Tesfai co-wrote the episode alongside J. Holtham (Pitch, Cloak & Dagger, Jessica Jones) and recalls the raw emotion felt by everyone during that scene, including the cameraman who told her he wanted to cry. “I’m like, ‘This is how we should feel because these conversations feel that way,'” she explains. “Many times, it comes at the expense of the person that’s sharing it because we compromise ourselves to make you feel better. Having Kelly say things that either I’ve said in my life or I’ve always wanted to say and didn’t feel empowered to was a tricky situation. I felt myself want to comfort in certain moments and being like, ‘No.’ This character is also teaching me how to stand in my boundaries and unapologetically speak on how I feel.”

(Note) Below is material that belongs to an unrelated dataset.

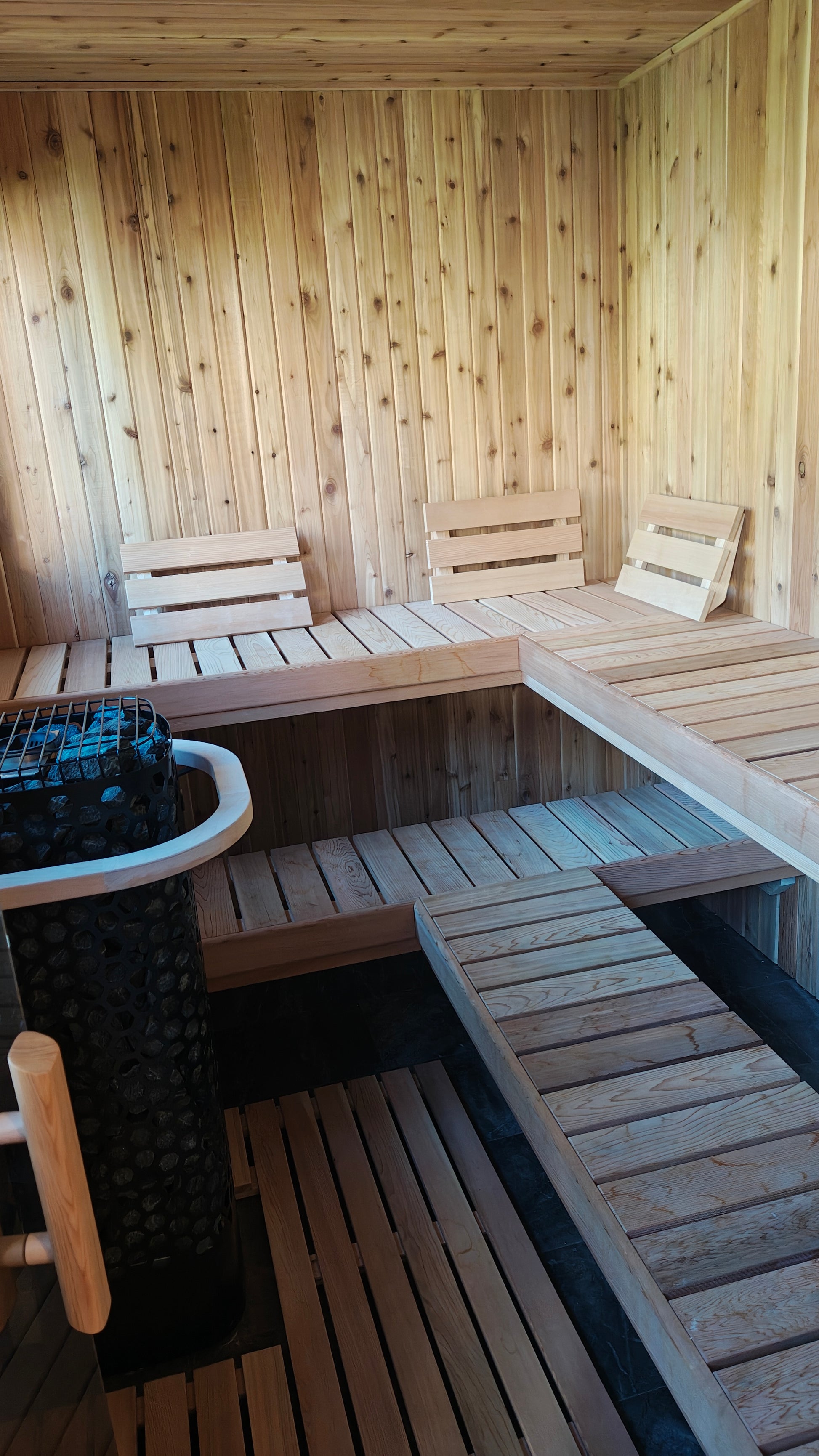The Pure Löyly 69 is the most versatile of the lineup, offering either the full 6×9 sauna experience designed to fit up to 8 people or optional change room and a change room access door into the sauna.

The show highlights those boundaries in Kelly’s conversation with Alex at the end of the hour. When Alex asks how she can better support her girlfriend, Kelly, who’s still processing the events of the episode, asks for the time and space to unpack everything and to just be loved and supported. It’s a tough but necessary moment that speaks to the episode’s thesis, which is that these issues take work and can’t be solved in a day.
Tesfai notes that she and costar Chyler Leigh have had similar conversations off-screen, speaking to their strong bond as real-life friends.
“Chyler and I are very close in real life, so even our dynamic and tackling subjects of race have that [discomfort] to it because she’s so loving and so supportive of me,” she shares. “But it’s like, I can tell you something, but you’re never really going to get it. Like, how can you support me in ways that that make me feel better, and not just make you feel better? It is such a complicated thing to tackle, and I was grateful that that scene didn’t change much at all from the first draft. Everything changed a lot as we were going through notes, but no one touched that scene.”
Tesfai also shares a real-life friendship with Ramsey and leaned on that strong bond while creating the episode. “It really felt like we went through war together… We were a team, and it was incredible to have that support on set and off set,” she says. “It felt like a student film because it was so intimate and there weren’t a lot of cooks in the kitchen. They really gave us so much say in how we did it that it felt really small, even though it was this big show.”
The episode saw Kelly step up as Guardian to help an underserved community, and those efforts will continue throughout the rest of the season. “The good thing about this is it is a continued conversation that really goes through the finale. Once Kelly finds her power, she stays in it,” Tesfai explains. “We actually go more into her as a social worker, and that storyline becomes a big part of her after the next episode.”
Fans can also expect plenty of fun scenes between Kelly and Alex, who are enjoying their statuses as crimefighting girlfriends. “[She] and Alex have some hot scenes where they make out and then kick some butt,” Tesfai teases. “It’s the best of a crimefighting duo that are in love… We have fight scenes where we talk about, ‘What did you make for dinner?’ which is very fun.”